[Collected data]
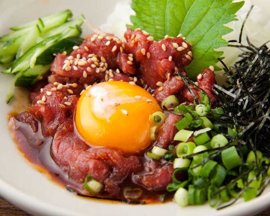 在米饭中放入东坡肉片和鸡蛋等材料,一起炒制的料理。
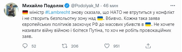 На слова Ламбрехт отреагировал советник главы ОП Михаил Подоляк у себя в твиттере, назвав ее слова провокационными и "убийственными".
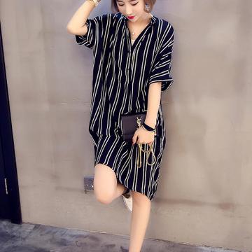 2016夏裝新款 韓版豎條紋中長(zhǎng)款襯衫單排扣短袖長(zhǎng)襯衣女潮 /
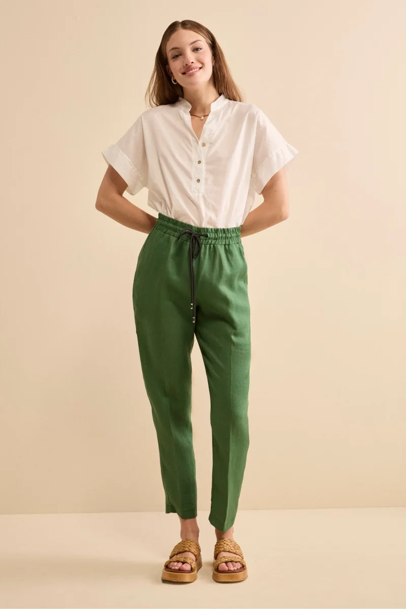 Blusa Morbida Girocollo in Lino – AZZURRO
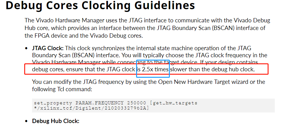 分析:查看 Xilinx 手冊(cè)發(fā)現(xiàn)JATG的時(shí)鐘頻率要比被ILA的時(shí)鐘頻率2.5倍低
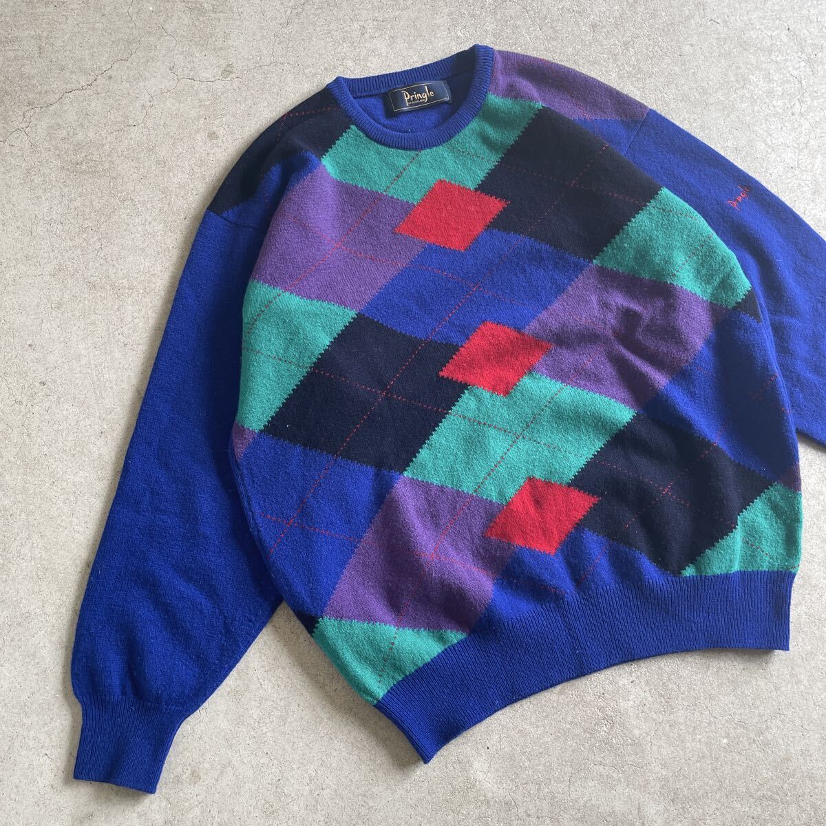 > pringle スコットランド製 ウール100 アーガイル ニット セーター クルーネック 5プリングル 古着 メンズ レディース L 英国製 ハイゲージ
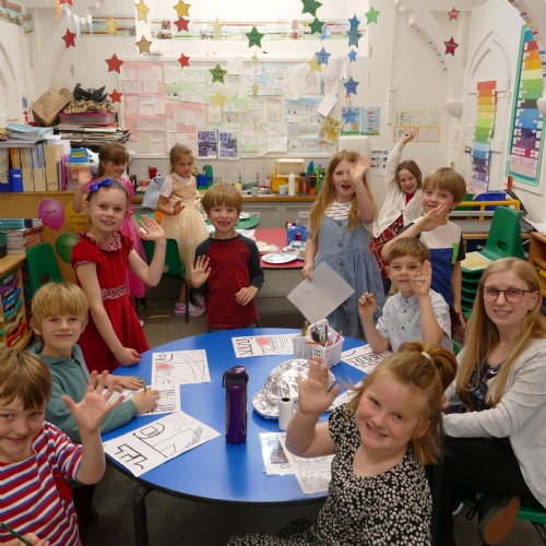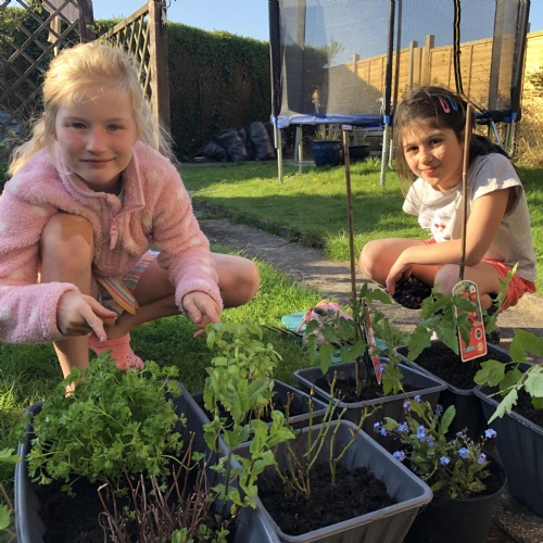 These learners have been working on Mrs Brown's Rainbow challenge, finding frogs in the pond and doing lots of growing in the garden!
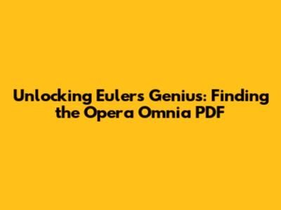 Unlocking Euler's Genius: Finding The Opera Omnia PDF
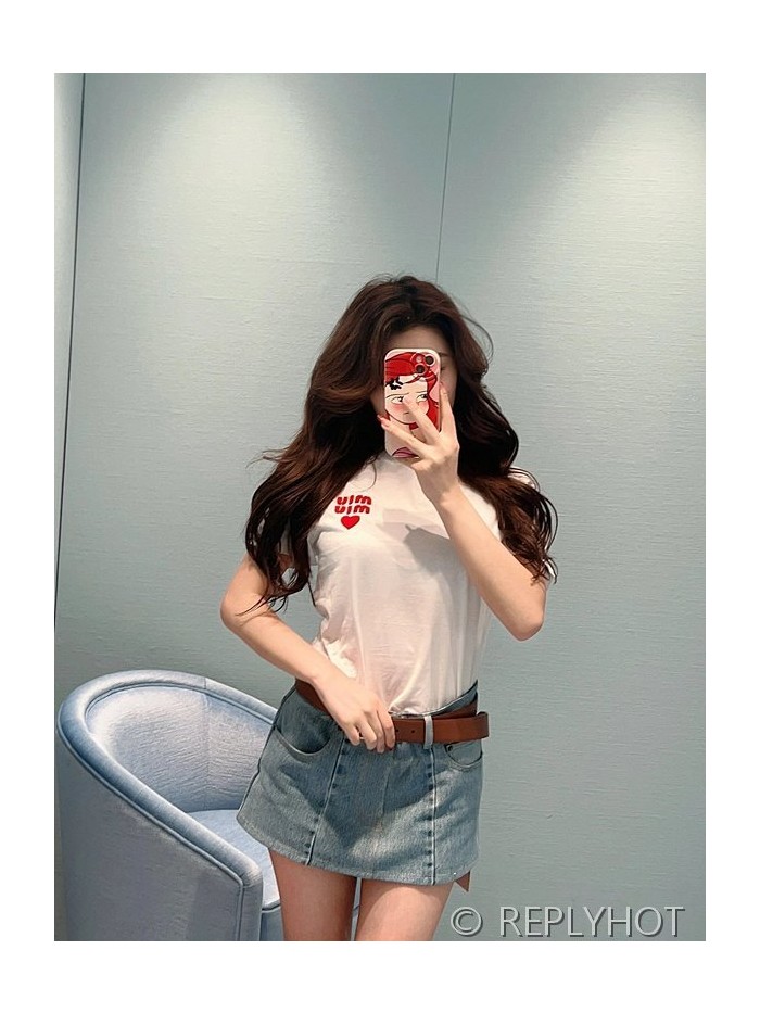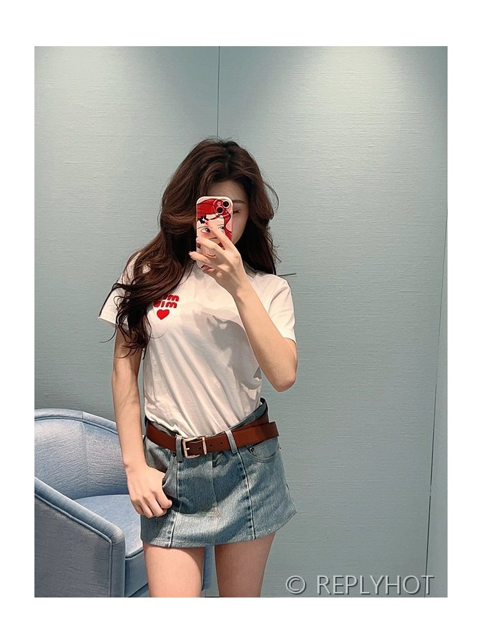 미우미우 러브로고 자수 티셔츠 2color > 미우미우
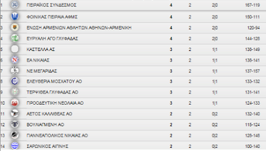 Η βαθμολογία (σε 2 αγωνιστικές)
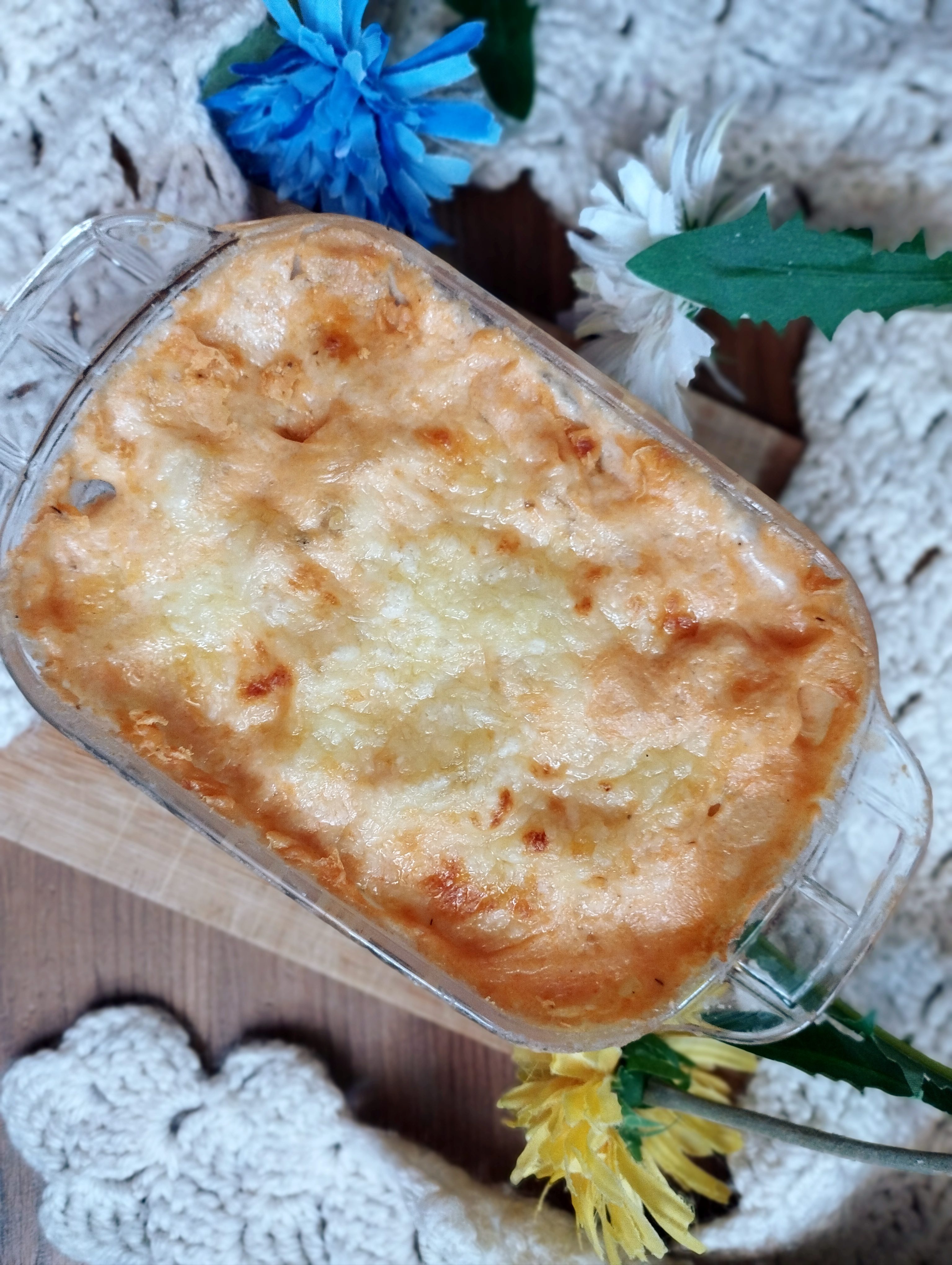 Am tapetat apoi, o forma termorezistenta cu unt si pus compozitia in ea. Deasupra am presarat cascavalul ras dupa care am bagat cartofii la copt, in cuptorul preincis la 150°, pentru 20-25 de minute, pana cascavalul de deasupra devine rumen si se topeste tot.
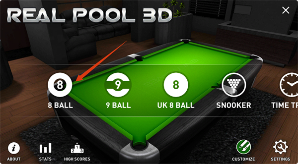 1、進(jìn)入游戲后,選擇【8BALL】模式開始游戲。
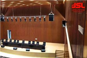 爵士龍團(tuán)隊(duì)經(jīng)過(guò)對(duì)本廳的使用功能分析,考慮使用的音響設(shè)備、場(chǎng)地容積等因素,選用了JSL雙八線陣音響作為主音箱,該產(chǎn)品聲壓疊加,衰減小,傳輸遠(yuǎn),精準(zhǔn)投射,擁有良好的聲場(chǎng)分布和穩(wěn)定的聲音傳遞,可為多功能廳使用者提供優(yōu)質(zhì)體驗(yàn)。
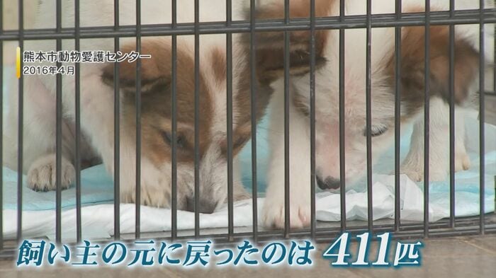 環境省によると、地震発生後、熊本県と熊本市が保護・収容したイヌやネコは合わせて2499匹。そのうち飼い主の元に戻れたのは、わずか411匹に留まった。
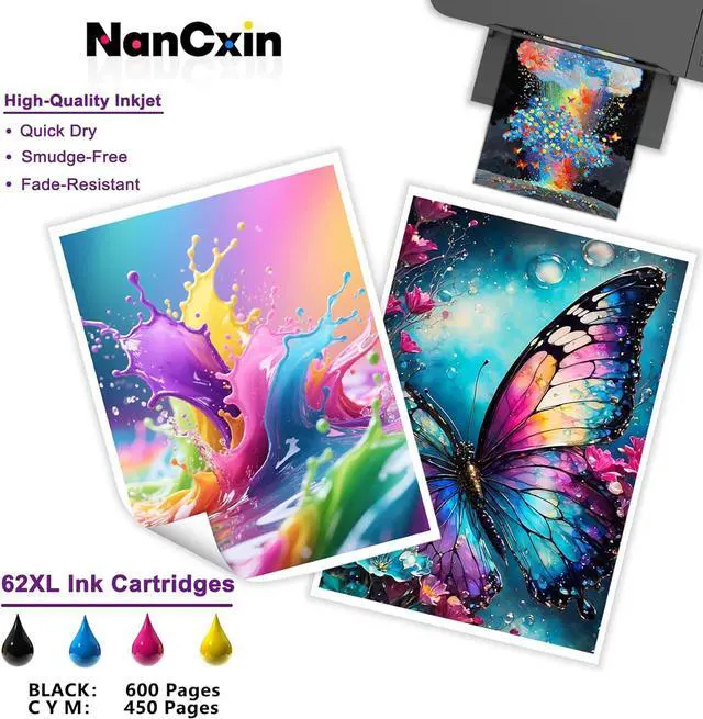 High Page Yield: 600 pages per 62XL black ink cartridge and 450 pages per 62XL tri-color ink cartridge
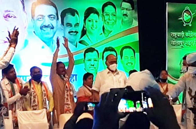 मनपा निवडणुकीच्या पार्श्वभूमीवर शरद पवार यांच्या उपस्थितीत राष्ट्रवादी काँग्रेसच्या कार्यकर्त्यांचा मेळावा झाला. पवार म्हणाले, महापालिका चुकीच्या लोकांच्या हातात गेली. त्याचा विपरीत परिणाम शहरावर झालेला दिसतो. हे चित्र बदलण्यासाठी राष्ट्रवादी काँग्रेसच्या कार्यकर्त्यांनी आघाडीवर असले पाहिजे. राष्ट्रवादीच्या नेत्यांसोबत सकाळी माझी बैठक झाली . या बैठकीत भाजप वगळून इतर सर्व पक्षांची एकजूट करता आली तर करा असे मी सांगितले. पण ही एकजूट सन्मानाने झाली पाहिजे. महापालिका निवडणुकीत अनुभवी लोकांसोबतच तरुण कार्यकर्त्यांना उमेदवारी द्या, असे आवाहन त्यांनी केले. या मेळाव्यात काँग्रेसच्या माजी महापौर नलिनी चंदेले, ज्येष्ठ नेते सुधीर खरटमल यांच्यासह इतर नेत्यांनी राष्ट्रवादीमध्ये प्रवेश केला.
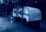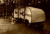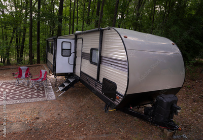Two red chairs wating at a camper trailer
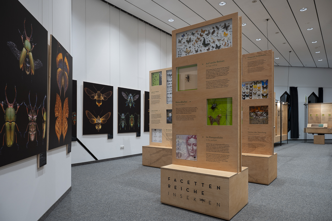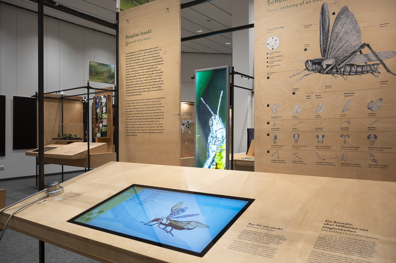 Die Ausstellung zeigt, wie raffiniert Insekten gebaut sind: vom Außenskelett über erstaunliche Sinnesleistungen bis hin zu Mundwerkzeugen, die je nach Art bohren, stechen, saugen oder knabbern können. Sie führt in Lebensräume, die von blühenden Wiesen über Gewässer bis hin zu Gletschern und Wüsten reichen und erklärt, mit welchen cleveren Strategien Insekten dort überleben, sich fortpflanzen oder Feinde täuschen.
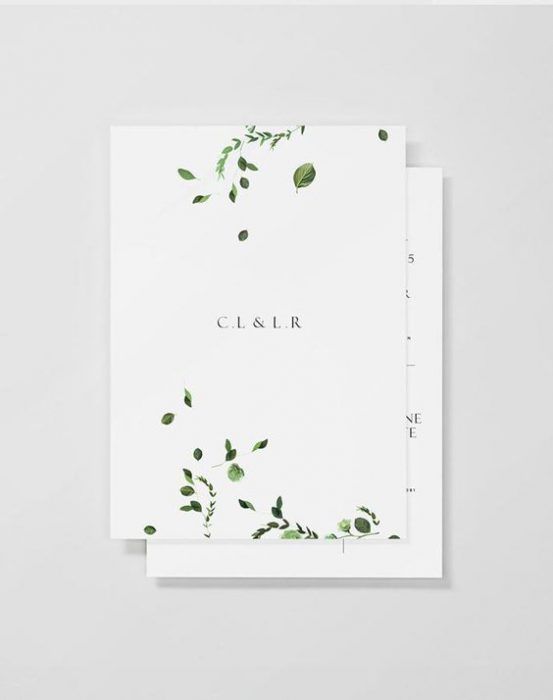 Если ваш девиз «Краткость — сестра таланта.», то этот стиль вам непременно подойдет.  Простой небольшой элемент, будь то вихрь, линии или веточка маслин — станут лейтмотивом всей вашей свадьбы.

## Work task
Both the line containing "Blusa Morbida Girocollo in Lino – AZZURRO" and the line containing "1、進(jìn)入游戲后,選擇【8BALL】模式開始游戲。" above belong in the output, as do the lines between them. Print them exactly, without pictures.

## Answer to this task
 Blusa Morbida Girocollo in Lino – AZZURRO
 分析:查看 Xilinx 手冊(cè)發(fā)現(xiàn)JATG的時(shí)鐘頻率要比被ILA的時(shí)鐘頻率2.5倍低
 > pringle スコットランド製 ウール100 アーガイル ニット セーター クルーネック 5プリングル 古着 メンズ レディース L 英国製 ハイゲージ
 These learners have been working on Mrs Brown's Rainbow challenge, finding frogs in the pond and doing lots of growing in the garden!
 Unlocking Euler's Genius: Finding The Opera Omnia PDF
 미우미우 러브로고 자수 티셔츠 2color > 미우미우
 Η βαθμολογία (σε 2 αγωνιστικές)
 Am tapetat apoi, o forma termorezistenta cu unt si pus compozitia in ea. Deasupra am presarat cascavalul ras dupa care am bagat cartofii la copt, in cuptorul preincis la 150°, pentru 20-25 de minute, pana cascavalul de deasupra devine rumen si se topeste tot.
 1、進(jìn)入游戲后,選擇【8BALL】模式開始游戲。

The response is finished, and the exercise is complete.